Another historical character intimately associated with the Keswick country was that "Shepherd Lord" celebrated by Wordsworth. This was the only surviving son of the Black Clifford, whom, in the ruthless feuds of The Roses, his mother, dreading the vengeance which might pursue the son of such a father, sent to be reared as a shepherd's son on the slopes of Saddleback. Nor till he was thirty did he emerge from this humble role to take his place as a peer of the realm, to marry twice, and to acquit himself reasonably well when called to public duties from the seclusion of Borden Tower, still standing on the Yorkshire moors above the Wharfe, where he lived a studious life. Indeed he marched to Flodden Field, which must have irked such a peaceful soul, one might fancy, not a little.

It is at the head of Derwentwater that the Lodore beck makes that sonorous descent into the vale, which, by a famous poet's frolic, as it were, achieved a notoriety it only merits in a wet season. The mouth of Borrowdale, however, down which the Derwent hurls its beautiful limpid streams through resounding gorges to an ultimately peaceful journey to the lake, is a place to linger in, not merely to admire in passing, and two well-known hotels of old standing are evidence that the public are of that opinion. If the heights of Borrowdale make an inspiring background for the lake, as viewed from the Keswick end, Skiddaw, as seen from Borrowdale, serves as noble a purpose. Then there is that long array of heights right across the lake, and those behind them, spreading away to Buttermere.

The view from Skiddaw is well worth the long but easy climb. Derwentwater and Bassenthwaite, linked by the silver coil of the river in the green vale, make a perfect foreground to a prospect which, like that of Helvellyn, covers not only the whole of Lakeland, but the sea coast and much more beyond.

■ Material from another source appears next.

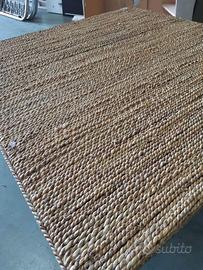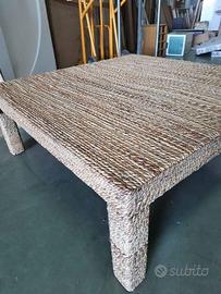 Tavolino etnico da soggiorno con trama e decorazioni in cordoncino di banano, struttura in legno. Si tratta di un articolo usato in esposizione presso il nostro showroom L'articolo è stato usato in ESPOSIZIONE all'interno del nostro showroom e potrebbe presentare qualche piccolo segno dovuto a questa. MISURE:
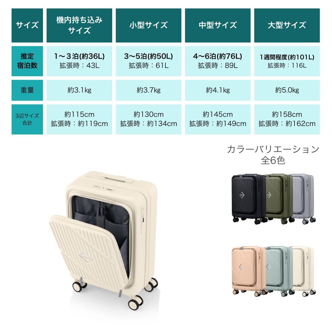 3辺合計 115cm(機内持込みOK) / 拡張時 119cm(機内持込み不可)

Skiddaw, however, stands sentinel, as it were, at this northern gateway into the Lake country, and looks right over Cumberland, with Carlisle in the centre of the picture, the Solway gleaming beyond, and behind that again the dim rolling forms of the Scottish hills. We have nothing to do with Carlisle, or the Eden, or Solway Moss, with Eskdale or Liddesdale, or any of this classic Borderland here laid open to the view. But one may be pardoned, when perched thus in fancy upon Skiddaw's aerial cone, for a brief reflection of how different was the past and how strangely different the associations of this rugged romantic Lake country with its simple, uneventful peasant story, quite obscured what there is of it by its more recent literary associations, from that classic soil of Border story spreading to the northward. "Happy is the land", says the old saw, "that has no history"; and no part of England has so little, in the ordinary sense of the word, as that which one looks back upon from the top of Skiddaw. None, upon the other hand, has more than that once blood-stained region, now spreading so fair and green and fertile to the dim hills of Scotland, which share its stirring tale.